/pyspark2pmml

Python library for converting Apache Spark ML pipelines to PMML

Primary LanguagePythonGNU Affero General Public License v3.0AGPL-3.0

PySpark2PMML

Python package for converting Apache Spark ML pipelines to PMML.

Features

This package is a thin PySpark wrapper for the JPMML-SparkML library.

Prerequisites

  • Apache Spark 3.0.X, 3.1.X, 3.2.X, 3.3.X, 3.4.X or 3.5.X.
  • Python 2.7, 3.4 or newer.

Installation

Install a release version from PyPI:

pip install pyspark2pmml

Alternatively, install the latest snapshot version from GitHub:

pip install --upgrade git+https://github.com/jpmml/pyspark2pmml.git

Configuration and usage

PySpark2PMML must be paired with JPMML-SparkML based on the following compatibility matrix:

Apache Spark version JPMML-SparkML branch Latest JPMML-SparkML version
3.0.X 2.0.X 2.0.3
3.1.X 2.1.X 2.1.3
3.2.X 2.2.X 2.2.3
3.3.X 2.3.X 2.3.2
3.4.X 2.4.X 2.4.1
3.5.X master 2.5.0

Launch PySpark; use the --packages command-line option to specify the coordinates of relevant JPMML-SparkML modules:

  • org.jpmml:pmml-sparkml:${version} - Core module.
  • org.jpmml:pmml-sparkml-lightgbm:${version} - LightGBM via SynapseML extension module.
  • org.jpmml:pmml-sparkml-xgboost:${version} - XGBoost via XGBoost4J-Spark extension module.

Launching core:

pyspark --packages org.jpmml:pmml-sparkml:${version}

Fitting a Spark ML pipeline:

from pyspark.ml import Pipeline
from pyspark.ml.classification import DecisionTreeClassifier
from pyspark.ml.feature import RFormula

df = spark.read.csv("Iris.csv", header = True, inferSchema = True)

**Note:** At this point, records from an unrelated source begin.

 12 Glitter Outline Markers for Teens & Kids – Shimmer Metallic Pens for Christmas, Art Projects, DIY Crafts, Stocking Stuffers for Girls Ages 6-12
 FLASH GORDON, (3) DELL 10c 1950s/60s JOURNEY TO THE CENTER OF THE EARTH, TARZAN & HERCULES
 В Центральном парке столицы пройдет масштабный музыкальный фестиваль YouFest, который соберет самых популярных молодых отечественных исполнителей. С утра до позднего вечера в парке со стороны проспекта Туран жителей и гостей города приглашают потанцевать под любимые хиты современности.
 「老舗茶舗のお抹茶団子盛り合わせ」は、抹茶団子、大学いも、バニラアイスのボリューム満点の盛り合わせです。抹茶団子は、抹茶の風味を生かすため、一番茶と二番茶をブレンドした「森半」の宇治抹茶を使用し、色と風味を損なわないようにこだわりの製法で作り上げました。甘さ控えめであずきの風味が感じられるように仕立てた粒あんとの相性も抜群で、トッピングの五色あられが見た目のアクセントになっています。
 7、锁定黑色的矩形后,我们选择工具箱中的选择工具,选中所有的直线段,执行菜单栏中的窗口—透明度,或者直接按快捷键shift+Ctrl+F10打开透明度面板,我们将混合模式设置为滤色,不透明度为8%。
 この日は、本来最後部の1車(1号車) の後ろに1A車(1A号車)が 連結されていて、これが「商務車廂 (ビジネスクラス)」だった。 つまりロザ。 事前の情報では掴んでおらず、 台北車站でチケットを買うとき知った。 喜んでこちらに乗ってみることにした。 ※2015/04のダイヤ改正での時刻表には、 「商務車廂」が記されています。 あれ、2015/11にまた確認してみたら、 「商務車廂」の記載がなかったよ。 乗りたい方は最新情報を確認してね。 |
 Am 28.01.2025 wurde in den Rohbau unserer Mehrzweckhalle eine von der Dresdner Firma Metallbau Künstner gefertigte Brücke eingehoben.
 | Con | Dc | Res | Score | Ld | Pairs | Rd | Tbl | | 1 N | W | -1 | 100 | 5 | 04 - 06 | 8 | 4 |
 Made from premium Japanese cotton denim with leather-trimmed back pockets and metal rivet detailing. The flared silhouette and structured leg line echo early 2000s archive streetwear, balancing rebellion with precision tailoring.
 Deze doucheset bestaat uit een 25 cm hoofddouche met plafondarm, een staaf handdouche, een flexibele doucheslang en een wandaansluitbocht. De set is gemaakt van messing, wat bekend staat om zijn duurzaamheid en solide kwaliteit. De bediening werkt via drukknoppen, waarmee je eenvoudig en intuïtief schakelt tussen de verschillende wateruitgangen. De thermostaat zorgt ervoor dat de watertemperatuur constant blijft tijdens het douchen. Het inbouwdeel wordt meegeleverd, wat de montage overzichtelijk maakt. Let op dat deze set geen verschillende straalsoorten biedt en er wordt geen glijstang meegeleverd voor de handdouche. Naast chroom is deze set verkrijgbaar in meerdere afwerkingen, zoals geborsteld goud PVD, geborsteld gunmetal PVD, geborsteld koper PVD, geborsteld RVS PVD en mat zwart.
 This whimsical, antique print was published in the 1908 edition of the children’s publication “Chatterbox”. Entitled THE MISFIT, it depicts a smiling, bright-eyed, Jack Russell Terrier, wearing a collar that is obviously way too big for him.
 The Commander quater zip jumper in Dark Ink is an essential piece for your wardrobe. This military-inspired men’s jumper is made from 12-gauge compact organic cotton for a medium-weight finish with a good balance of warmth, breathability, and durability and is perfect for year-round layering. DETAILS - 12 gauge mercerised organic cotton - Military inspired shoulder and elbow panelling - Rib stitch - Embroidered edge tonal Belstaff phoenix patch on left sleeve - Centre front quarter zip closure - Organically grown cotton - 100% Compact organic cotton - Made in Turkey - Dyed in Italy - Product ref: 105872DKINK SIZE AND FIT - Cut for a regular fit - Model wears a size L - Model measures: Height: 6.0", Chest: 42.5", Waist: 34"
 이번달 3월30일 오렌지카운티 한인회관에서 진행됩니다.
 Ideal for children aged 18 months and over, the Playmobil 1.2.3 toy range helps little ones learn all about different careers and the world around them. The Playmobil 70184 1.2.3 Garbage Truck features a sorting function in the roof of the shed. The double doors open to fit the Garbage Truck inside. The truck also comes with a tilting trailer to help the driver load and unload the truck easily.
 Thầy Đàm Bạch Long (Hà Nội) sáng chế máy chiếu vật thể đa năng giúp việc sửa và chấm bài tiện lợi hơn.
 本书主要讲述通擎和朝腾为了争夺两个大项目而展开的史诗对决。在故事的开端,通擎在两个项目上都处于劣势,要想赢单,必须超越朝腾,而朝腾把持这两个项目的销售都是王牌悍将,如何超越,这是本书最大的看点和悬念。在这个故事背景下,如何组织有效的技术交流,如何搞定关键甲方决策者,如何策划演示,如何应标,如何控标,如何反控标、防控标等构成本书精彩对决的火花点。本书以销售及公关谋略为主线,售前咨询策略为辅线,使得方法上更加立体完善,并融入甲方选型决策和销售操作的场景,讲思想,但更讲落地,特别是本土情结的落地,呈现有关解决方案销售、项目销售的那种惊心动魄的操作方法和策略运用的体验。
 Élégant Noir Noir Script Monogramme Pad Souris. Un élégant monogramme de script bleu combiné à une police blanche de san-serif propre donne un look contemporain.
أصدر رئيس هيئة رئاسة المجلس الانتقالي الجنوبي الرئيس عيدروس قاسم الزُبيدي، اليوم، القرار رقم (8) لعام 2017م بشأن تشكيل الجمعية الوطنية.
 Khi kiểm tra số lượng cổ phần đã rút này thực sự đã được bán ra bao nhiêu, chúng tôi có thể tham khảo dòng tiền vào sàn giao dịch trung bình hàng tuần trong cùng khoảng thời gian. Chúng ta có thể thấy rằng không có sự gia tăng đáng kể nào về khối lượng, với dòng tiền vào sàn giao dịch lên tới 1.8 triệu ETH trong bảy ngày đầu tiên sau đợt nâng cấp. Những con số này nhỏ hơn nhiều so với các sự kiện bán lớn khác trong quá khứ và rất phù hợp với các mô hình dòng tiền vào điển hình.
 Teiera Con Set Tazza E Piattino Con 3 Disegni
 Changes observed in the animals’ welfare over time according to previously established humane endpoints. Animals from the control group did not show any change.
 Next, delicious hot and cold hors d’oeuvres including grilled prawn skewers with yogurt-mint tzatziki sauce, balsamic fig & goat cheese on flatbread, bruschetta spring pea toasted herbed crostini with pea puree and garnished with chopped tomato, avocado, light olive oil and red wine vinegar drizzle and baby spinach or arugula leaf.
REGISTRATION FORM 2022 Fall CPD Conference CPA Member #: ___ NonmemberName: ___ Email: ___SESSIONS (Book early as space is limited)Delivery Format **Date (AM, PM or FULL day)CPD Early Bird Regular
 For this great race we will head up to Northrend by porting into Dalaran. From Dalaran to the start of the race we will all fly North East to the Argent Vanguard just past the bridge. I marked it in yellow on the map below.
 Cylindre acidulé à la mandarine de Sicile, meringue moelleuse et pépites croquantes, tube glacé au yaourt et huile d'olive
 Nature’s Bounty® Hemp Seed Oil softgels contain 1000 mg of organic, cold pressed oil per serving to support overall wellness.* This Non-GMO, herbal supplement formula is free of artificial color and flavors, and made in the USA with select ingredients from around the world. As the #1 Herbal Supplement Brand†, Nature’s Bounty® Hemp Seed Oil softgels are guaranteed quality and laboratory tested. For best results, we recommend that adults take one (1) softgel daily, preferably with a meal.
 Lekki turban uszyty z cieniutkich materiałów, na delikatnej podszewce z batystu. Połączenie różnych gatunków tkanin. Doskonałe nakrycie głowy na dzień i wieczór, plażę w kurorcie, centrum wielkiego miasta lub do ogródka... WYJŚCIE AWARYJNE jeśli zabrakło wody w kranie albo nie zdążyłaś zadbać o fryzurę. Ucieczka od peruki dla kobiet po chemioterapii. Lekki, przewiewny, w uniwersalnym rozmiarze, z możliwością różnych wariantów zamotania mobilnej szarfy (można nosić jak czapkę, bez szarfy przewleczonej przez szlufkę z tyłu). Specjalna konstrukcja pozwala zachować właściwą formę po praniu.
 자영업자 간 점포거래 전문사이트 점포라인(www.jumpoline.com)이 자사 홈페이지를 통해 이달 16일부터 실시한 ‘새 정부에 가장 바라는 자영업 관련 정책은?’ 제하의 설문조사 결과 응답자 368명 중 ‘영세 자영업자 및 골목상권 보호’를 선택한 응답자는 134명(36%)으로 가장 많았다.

formula = RFormula(formula = "Species ~ .")
classifier = DecisionTreeClassifier()
pipeline = Pipeline(stages = [formula, classifier])
pipelineModel = pipeline.fit(df)

Exporting the fitted Spark ML pipeline to a PMML file:

from pyspark2pmml import PMMLBuilder

pmmlBuilder = PMMLBuilder(sc, df, pipelineModel)

pmmlBuilder.buildFile("DecisionTreeIris.pmml")

The representation of individual Spark ML pipeline stages can be customized via conversion options:

from pyspark2pmml import PMMLBuilder

classifierModel = pipelineModel.stages[1]

pmmlBuilder = PMMLBuilder(sc, df, pipelineModel) \
	.putOption(classifierModel, "compact", False) \
	.putOption(classifierModel, "estimate_featureImportances", True)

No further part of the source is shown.